Providing some space in-between rules nodes will help reading rule-sets and adjusting or adding new nodes without having to move nodes in order to create move space.
The image below displays two variants of an identical rule-set in terms of functionality.
The left image shows a rule-set in which the nodes are cramped together, even the name fields are unreadable as the nodes are placed directly adjacent to each other.
The right image displays a rule-set in which the nodes have been appropriately distanced from each other. Reading and/or adjusting this will be much easier.

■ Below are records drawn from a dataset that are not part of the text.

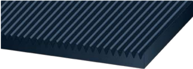
RUBBER SWITCHBOARD MATTING
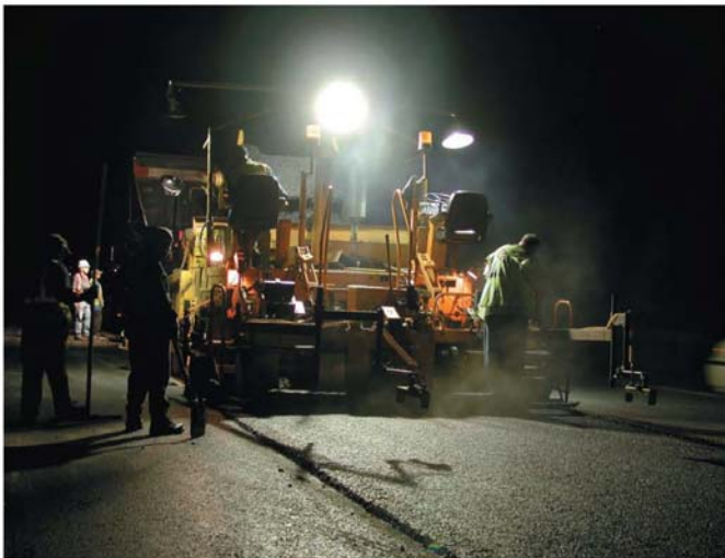
Night paving operation in progress.
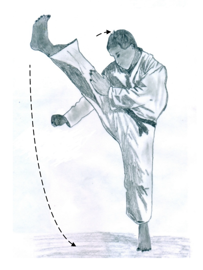
Figure 1. Axe kick execution during power load

To execute the axe kick, the fighter brings up his/her kicking leg in a linear/circular motion, and at the peak height, brings the heel or ball of the foot straight down (like a downward movement of an axe) (Figure 1) upon the opponent's head, shoulder or chest. Another use for the axe kick is to stop an incoming attack. The fighter can target an axe kick against the supporting thigh of an opponent in the initial stages of a kick.
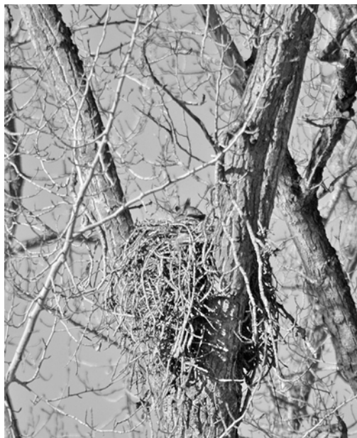
Figure 9. In 2006, the second Red-tailed Hawk nest was occupied by a Great Horned Owl whose young did not survive.
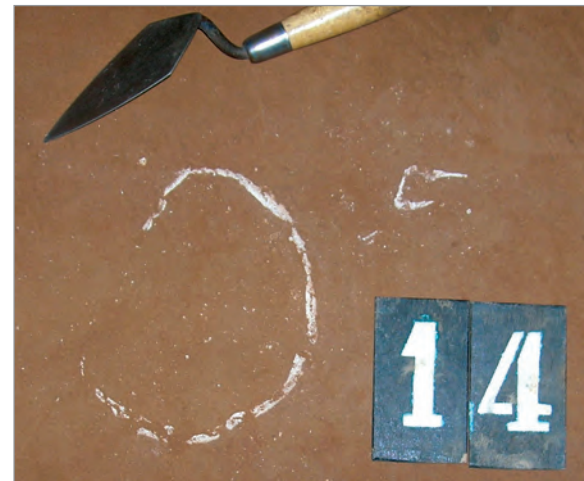
Figure 13. Grave 14.

its circumference it is possible to estimate with some confidence that the individual was an adult, i.e. older than 15 (Bass 1987).
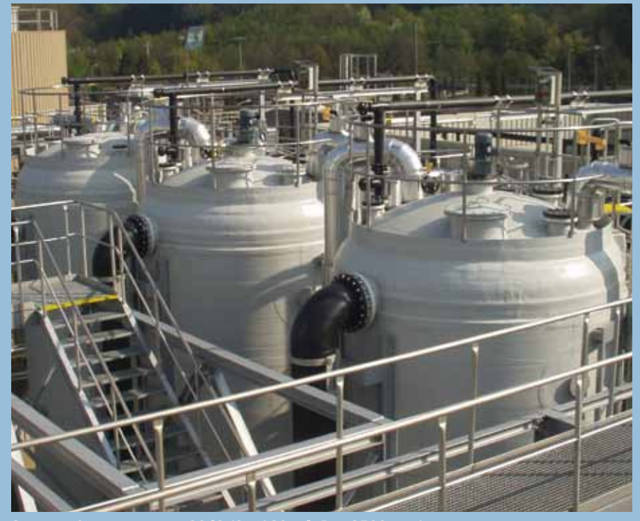
Storage of waste water at 90 °C (3 x 120 m<sup>3</sup>, D = 3500 mm)
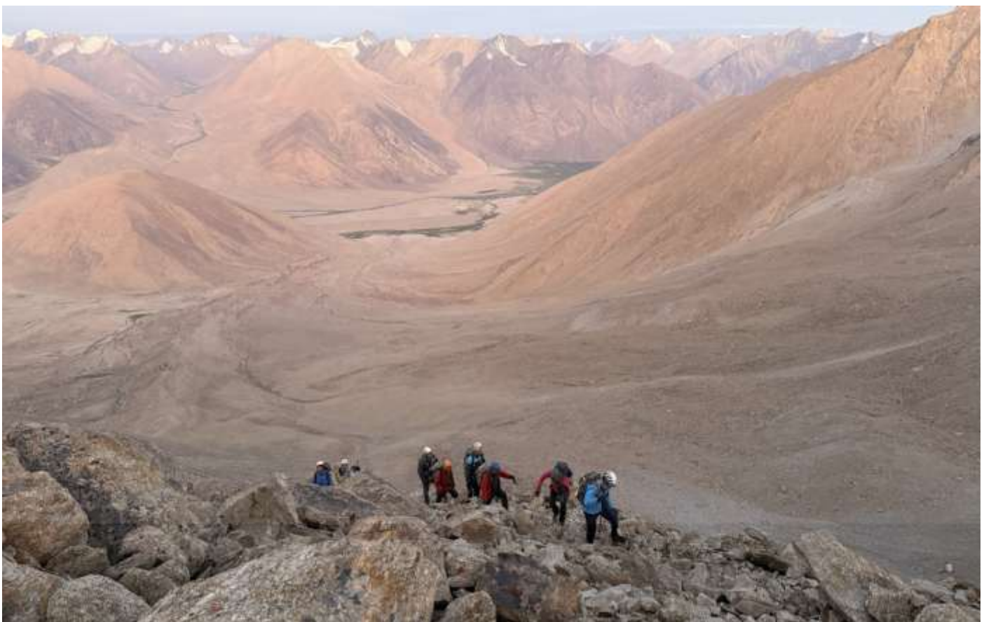
NEGOTIATING THE BOULDER AREA TOWARDS THE SUMMIT ON 29 JULY 2025 AT 0520 HOURS
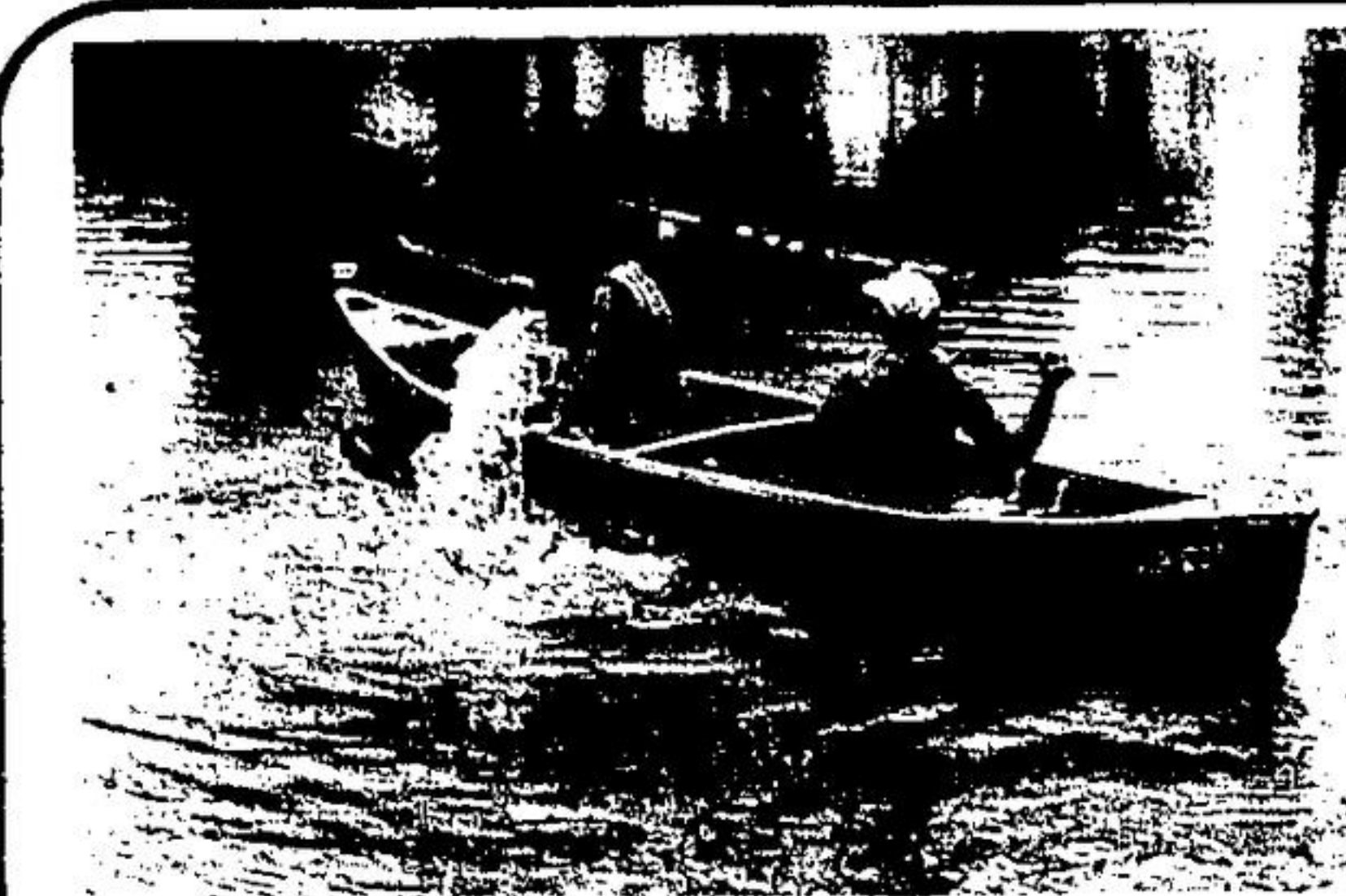
Three young ladies from 'Paddlecade Ontario' brought their canoes and accessories to Fairy Lake Wednesday to demonstrate the do's and don'ts of canoeing safety. In the picture on the left the two instructors demonstrate a little horseplay.

"It will be a nice souvenir to bring home," said his mother in a telephone interview Tuesday.

Technically speaking there is no limit to rule-nodes per rule-set, however creating a large amount of rule nodes within a single set will have effect on the performance while adjusting rules and opening the rule-set. Therefor it is advised to create an average of 120 rule-nodes per rule-set as creating more than this amount might even bar you from opening the rule-set entirely due to a too long loading time.
The image below shows an incorrectly created rule set in terms of readability, especially the designated paths that have been create show no real direction. Working in this manner is not preferable.
Keep in mind to always use forward nodes in order to split-up and/or re-direct rule-sets in order to avoid situations as presented in the image below.
Use forward event nodes when receiving or expanding to over 2-3 rule nodes.
Re-use rule-nodes as much as possible, the image below shows using multiple broadcasts even though using one of these broadcasts-node will suffice. By adapting to this principle you will be able to create a much smaller rule-set while still defining the same functionalities.
Make sure to branch out your rule sets and re-use any rule-node that are already defined. In turn this will also allow for more rule-nodes within a single rule-set without having to create a second rule-set in order to finish the function you are defining.